+++ DATA SHOWN

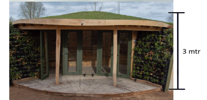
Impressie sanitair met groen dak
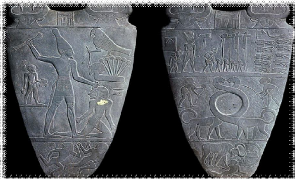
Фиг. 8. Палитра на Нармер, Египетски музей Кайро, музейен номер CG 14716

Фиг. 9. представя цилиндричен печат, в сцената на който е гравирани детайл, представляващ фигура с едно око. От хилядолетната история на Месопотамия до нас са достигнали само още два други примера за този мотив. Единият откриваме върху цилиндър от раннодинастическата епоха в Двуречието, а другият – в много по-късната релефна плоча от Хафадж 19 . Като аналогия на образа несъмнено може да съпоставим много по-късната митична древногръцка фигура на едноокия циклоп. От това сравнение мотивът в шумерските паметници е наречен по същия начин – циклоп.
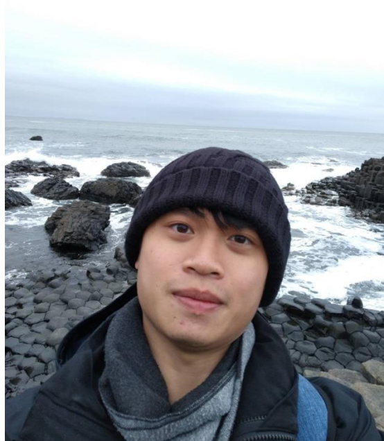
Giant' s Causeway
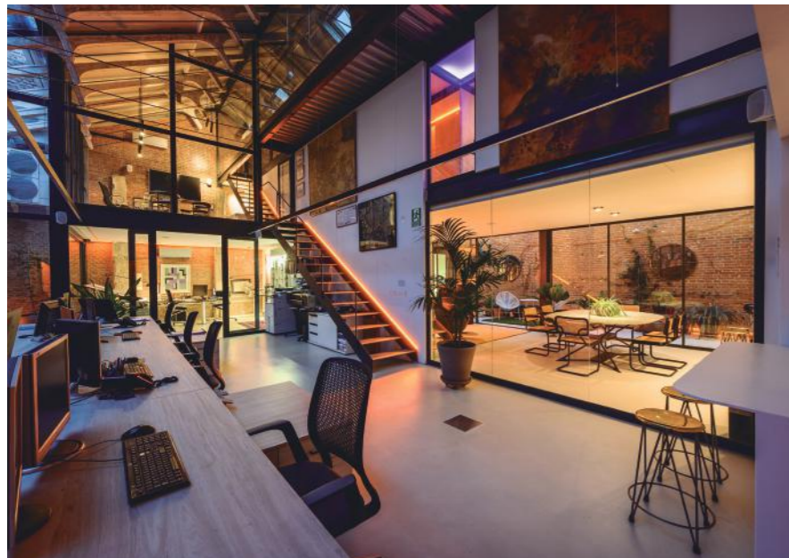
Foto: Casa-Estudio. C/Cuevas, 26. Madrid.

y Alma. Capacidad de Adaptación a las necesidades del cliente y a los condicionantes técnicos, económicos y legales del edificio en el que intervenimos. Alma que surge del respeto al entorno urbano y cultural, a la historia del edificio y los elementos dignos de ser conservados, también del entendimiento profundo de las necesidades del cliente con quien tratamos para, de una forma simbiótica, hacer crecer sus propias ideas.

++++++

Restate the records above in full, word for word. Keep pictures out.

> _OUTPUT FOR THIS EXERCISE_:
Impressie sanitair met groen dak
Фиг. 8. Палитра на Нармер, Египетски музей Кайро, музейен номер CG 14716

Фиг. 9. представя цилиндричен печат, в сцената на който е гравирани детайл, представляващ фигура с едно око. От хилядолетната история на Месопотамия до нас са достигнали само още два други примера за този мотив. Единият откриваме върху цилиндър от раннодинастическата епоха в Двуречието, а другият – в много по-късната релефна плоча от Хафадж 19 . Като аналогия на образа несъмнено може да съпоставим много по-късната митична древногръцка фигура на едноокия циклоп. От това сравнение мотивът в шумерските паметници е наречен по същия начин – циклоп.
Giant' s Causeway
Foto: Casa-Estudio. C/Cuevas, 26. Madrid.

y Alma. Capacidad de Adaptación a las necesidades del cliente y a los condicionantes técnicos, económicos y legales del edificio en el que intervenimos. Alma que surge del respeto al entorno urbano y cultural, a la historia del edificio y los elementos dignos de ser conservados, también del entendimiento profundo de las necesidades del cliente con quien tratamos para, de una forma simbiótica, hacer crecer sus propias ideas.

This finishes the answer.